Date of Award

Spring 2005

Document Type

Dissertation

Degree Name

Doctor of Philosophy in Environmental Engineering - (Ph.D.)

Department

Civil and Environmental Engineering

First Advisor

Mohamed E. Labib

Second Advisor

Taha F. Marhaba

Third Advisor

S. S. Dukhin

Fourth Advisor

Thomas B. Atherholt

Fifth Advisor

Robert Dresnack

Sixth Advisor

Jay N. Meegoda

Abstract

Recent monitoring studies have indicated that many ground water (GW) sources would benefit from the development of effective technologies for removing viruses. Although reverse osmosis can achieve high log removal it is not economical. The main objective of this study is to test and validate a novel adsorption filtration (AF) technology for removing viruses from GW sources for drinking water production in New Jersey.

The convective diffusion of viruses to adsorbent particle surfaces in flow packed beds (FPB) enhances their removal efficiency if the adsorbent particle size can be decreased to about 100 microns. The development of effective virus removal technologies has not been successful because of two fundamental difficulties. First, the pressure drop in FPBs increases very rapidly with decreasing adsorbent particle size, and becomes unacceptably high at about 100 microns. Second, additional difficulties in achieving high log virus removal can arise due to competition for adsorption sites between negatively-charged viruses and humic acid anions which are fractions of Natural Organic Matter (NOM).

The two main challenges to be overcome for developing an effective adsorption filtration technology for virus removal are: i) the selection of an appropriate adsorption medium, and ii) the development of means to minimize the effect of NOM on virus removal efficiency. Based on systematic experimental studies, calcite was selected as the adsorbent for virus removal. In order to overcome the adverse effects of NOM, a special prefilter, to be placed upstream of the virus filter, was developed using large calcite particle size, about 600 microns. This was possible because NOM molecules are approximately 15 times smaller than viruses, and accordingly, their diffusivity is about 15 times larger. Consequently, NOM diffusional transport is sufficiently rapid in spite of the larger calcite particles used in the prefilter. This ability to utilize such larger particles in the NOM prefilter made it possible to use a small prefilter pressure head during filtration.

In order to decrease the head loss arising from the use of small particle size dimension in the virus filter, two sets of channel arrays were introduced in the flow packed bed design similar to the concepts used in membrane technology, namely: decreasing the filtration depth and expanding the filtration surface area. In the design, the filtration surface area was increased and the filtration depth was decreased so that the same footprint and volumetric filtration velocity of the conventional FPB could be accomplished. In the AF filter, virus-contaminated water enters the feeding channels, crosses the adsorbent layer and then exits along the receiving channels.

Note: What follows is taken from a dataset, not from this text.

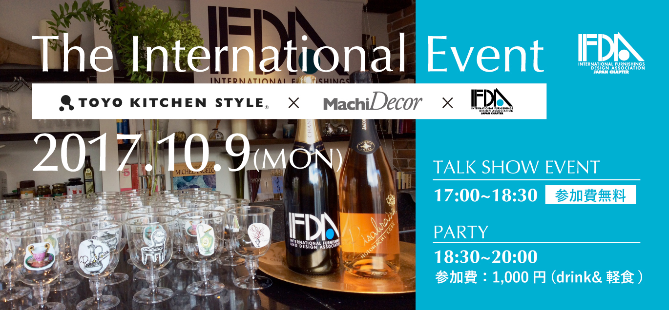 トークショーは無料。テーマは「ウェルカムホーム」、アメリカのホームパーティやソーシャルパーティのお話をしてもらいます。そのあとのパーティは「ウェルカムホーム」のコンセプトに合わせ、IFDA日本支部のメンバーのポットラック(持ち寄り)となります。
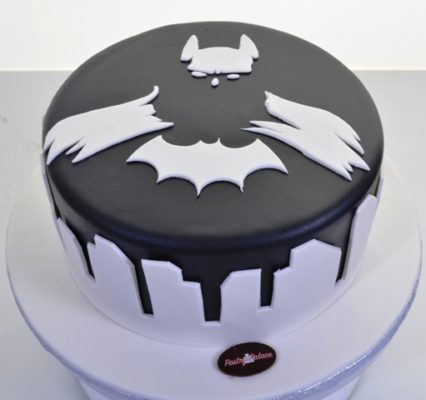 There are few symbols more iconic than that of “Batman.” Since his creation, he’s been a popular and mysterious superhero of the first caliber. The enigmatic mask with the bat ears creates a silhouette that instills fear in those with larceny in their hearts. This design trades the black silhouette for a white one, against a black background. The mask and eyes, the “wings” of his cape, and the Bat Logo are all in white, but just as unmistakable. The side of the cake displays the skyline of Gotham City, also in white, against black. This stark, and memorable design is ideal for any celebration in honor of a devoted fan of the legend of Batman.

Therefore, this design allows efficient virus removal (> 6 logs) using 100-micron particles without the need to use high pressures to drive the filtration process.

The experimental studies confirmed that a model composite NOM/virus filter can remove more that 6 logs of viruses in the presence of NOM. The composite filter run was about 100 hours, compared to only 10 hours without the NOM prefilter. The design of the composite NOM/virus filter with a linear velocity of 0.1 cmlsec, P 0.1 bar, was elaborated for scaling up to an industrial scale.